Republicans also sought to overturn language in the bill to make it more expensive and onerous for companies to drill for oil and gas on federal lands, asking Democrats if they were hoping to kill jobs, boost foreign dependence on oil and remove a crucial revenue source that funds public education and social services in New Mexico.
The exchanges laid bare just how far apart the two parties are on major planks of the Democratic agenda, and just how difficult it will be for Democrats and Republicans to agree on anything.
GOP trashes the CCC
The Civilian Climate Corps is a benign enough concept: a green jobs training and placement program mirroring the Civilian Conservation Corps of the 1930s and 40s.
Efforts to revive and modernize this program have been around for a long time, but the idea has gained more prominence in the last few years among progressive activists who see it as a means of creating jobs while combating climate change.
Congressional Democrats and the Biden White House, eager to please their base, have promised to make “robust” investments in a CCC in various parts of the reconciliation package. The House Natural Resources Committee wants to invest more than $3 billion in the effort (Greenwire, Aug. 26).
Last year, while there was some bipartisan appetite for authorizing funding for service work in the outdoor restoration field, Republicans have stayed largely silent on the question of whether such a program should have a designated price tag. They are now making their position clear — that the CCC is not only a waste of money but a terrible idea that ought to be entirely scrapped.
Boebert offered an amendment that would strike out all funding for the program, saying the investment “should not be allowed” when so many existing work sectors are struggling to fill jobs.
“My grandfather worked for the CCC, and I remember him telling me how terrible it was, how backbreaking the work was,” Westerman noted. “We don’t need another FDR program, and the idea that this is going to help land management is a false idea, as well.”
Rep. Cliff Bentz (R-Ore.), also piled on, calling the CCC “delusional.” He went on, “Why would we think people are going to suddenly jump at doing really, really hard, dirty, dangerous work because we offer them $15 an hour? That’s not going to happen.”
The committee will vote on this amendment next Thursday; it’s expected to fail.
Republicans scorn markup
Democrats are making the case for their reconciliation package by saying it will constitute the most aggressive response to climate change to date. They are also citing recent natural disasters and extreme weather events — most notably Hurricane Ida, the fifth-most powerful hurricane to make landfall in the United States, which devastated Louisiana — as reasons for Congress to act quickly and decisively.
“Are we just going to sit here and watch how hurricanes get worse and worse in the Southeast? Heck, no,” said Rep. Darren Soto (D-Fla.).
But Republicans called into question yesterday just how much the bill would help, and whether it was appropriate for Democrats to be moving ahead with their reconciliation markup as Louisiana was still assessing federal disaster relief needs.
Rep.
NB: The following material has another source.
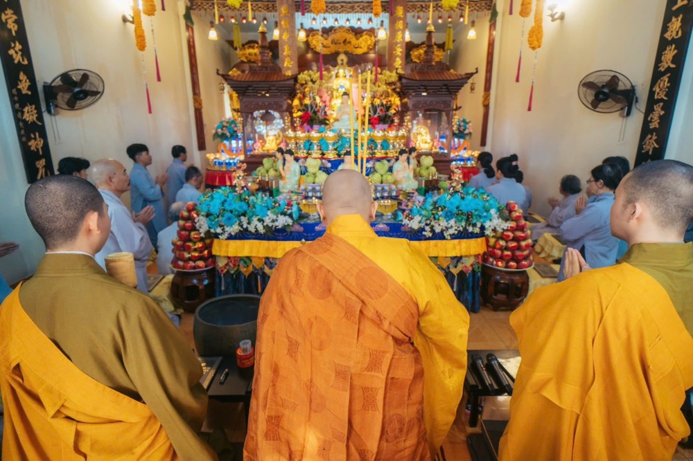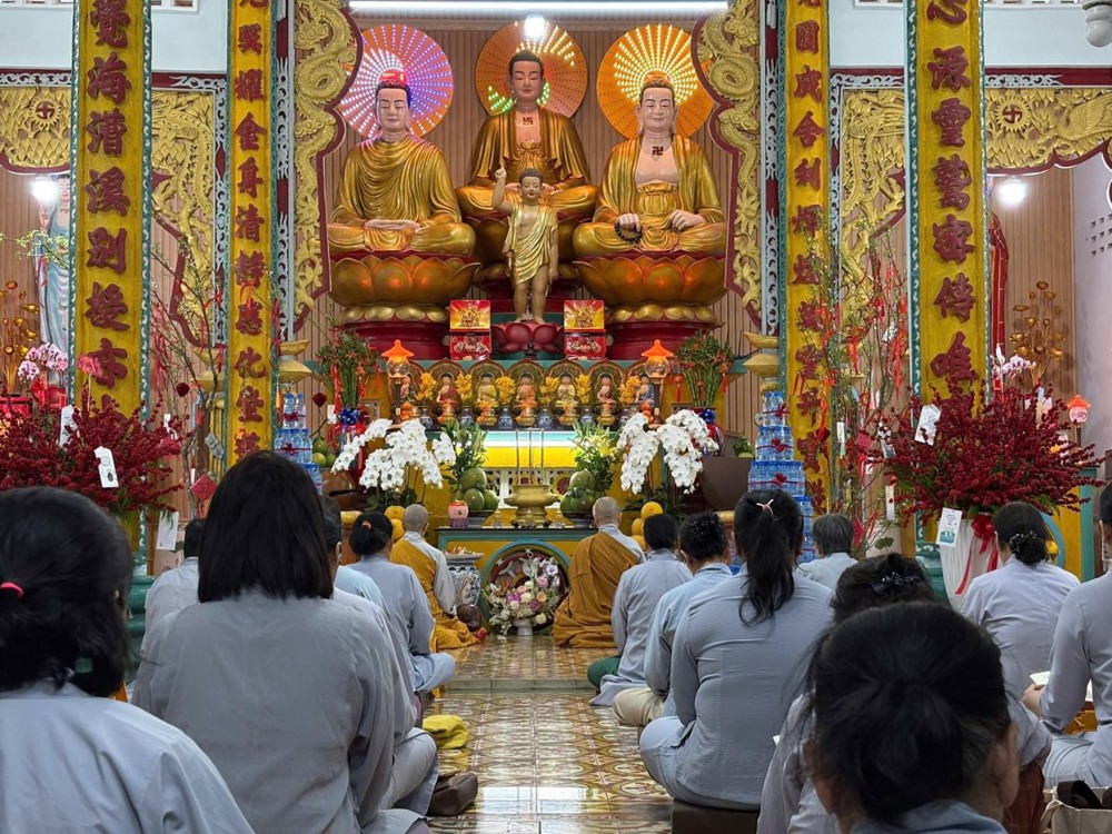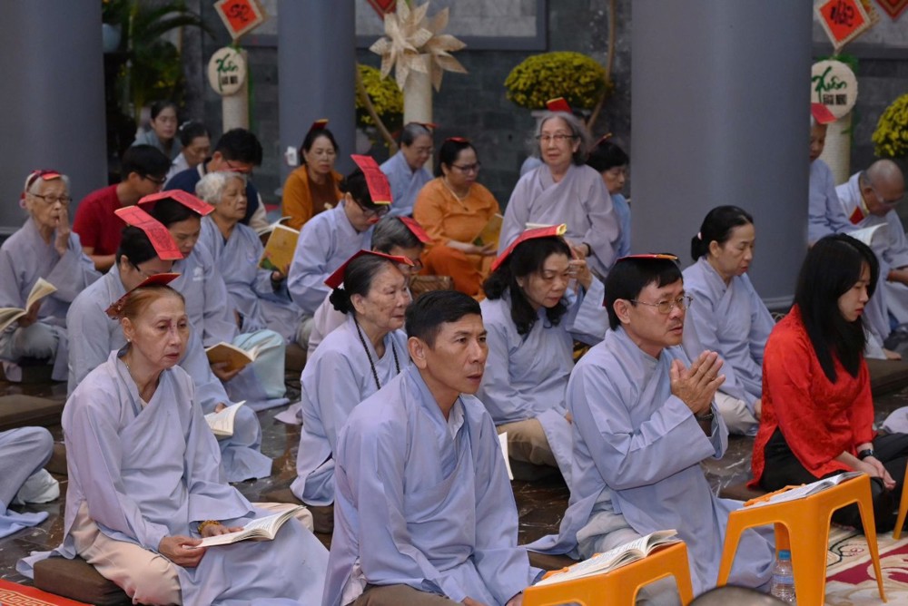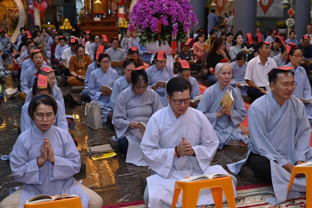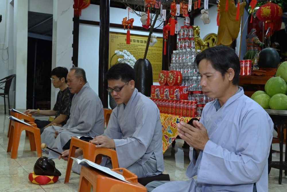 Không khí tu học cũng lan tỏa tại chùa Hoa Sơn, nơi Đại đức Thích Trung Tú hướng dẫn đạo tràng Phật tử tụng kinh cầu nguyện bình an.

Garret Graves (R-La.) — patching in remotely during different portions of the Natural Resources Committee markup from the back of a pickup truck, with his storm-raged district in the background — berated Democrats for forcing him to attend the meeting as he responded to his constituents.
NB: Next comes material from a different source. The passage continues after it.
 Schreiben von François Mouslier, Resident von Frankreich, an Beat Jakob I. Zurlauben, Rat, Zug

“We don’t have water … we don’t have electricity and, in fact, we have active search-and-rescue operations going on as we speak,” he said. “Quite frankly, the fact that I’m fricking sitting here right now even spending time with y’all is ridiculous.”
Rep. Tom Tiffany (R-Wis.), was altogether incredulous that climate change had any bearing on Ida’s wrath or any of the other major storms in recent weeks and months.
Rep. Rashida Tlaib (D-Mich.), meanwhile, was livid at the suggestion there is no urgency to move the reconciliation bill at this time.
“My families have been flooded four times — four times — taking sewage out of their basements,” she said of her constituents. “People are walking out in their streets, residential streets, where there are streets and parks and homes [that have] literally turned into rivers. … We can do so much more right now in getting to work instead of making excuses.”
She also turned on Graves: “The conditions your residents are complaining about? That’s what our communities are doing every single day.”
Grijalva, at one point during the extended markup, suggested the two parties weren’t likely to find common ground anytime soon on achieving a transition away from fossil fuels as a salve for irreversible climate change.
“Some people don’t see it that urgent. Some people think we have a lot of time not to deal with the climate crisis, and as such, the expenditures we’re talking about here, and the resources dedicated here, are seen as extraneous,” Grijalva said.
“A transition, in your mind, is decades and years away,” he continued, addressing Republicans. “As I see it, a transition needs to be accelerated, beginning now. If not, this is going to get worse for all of us. And if we don’t agree on that, we’re going to have trouble.”